▶ [Given material]

==============================

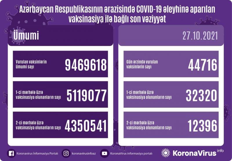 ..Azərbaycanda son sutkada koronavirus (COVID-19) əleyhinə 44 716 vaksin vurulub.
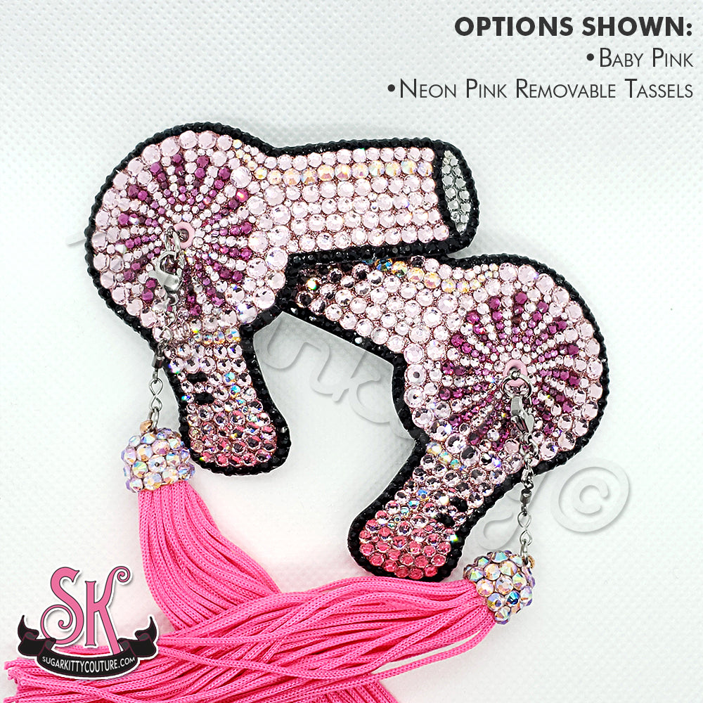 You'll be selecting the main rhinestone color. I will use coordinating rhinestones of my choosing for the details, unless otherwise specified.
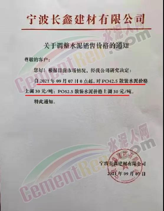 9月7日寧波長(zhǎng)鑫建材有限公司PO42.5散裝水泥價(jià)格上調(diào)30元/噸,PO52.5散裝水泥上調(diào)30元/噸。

==============================

▶ [Task directions]
Could the data be reproduced exactly, with the pictures omitted?

▶ [Solution to this exercise]
 ..Azərbaycanda son sutkada koronavirus (COVID-19) əleyhinə 44 716 vaksin vurulub.
 You'll be selecting the main rhinestone color. I will use coordinating rhinestones of my choosing for the details, unless otherwise specified.
 9月7日寧波長(zhǎng)鑫建材有限公司PO42.5散裝水泥價(jià)格上調(diào)30元/噸,PO52.5散裝水泥上調(diào)30元/噸。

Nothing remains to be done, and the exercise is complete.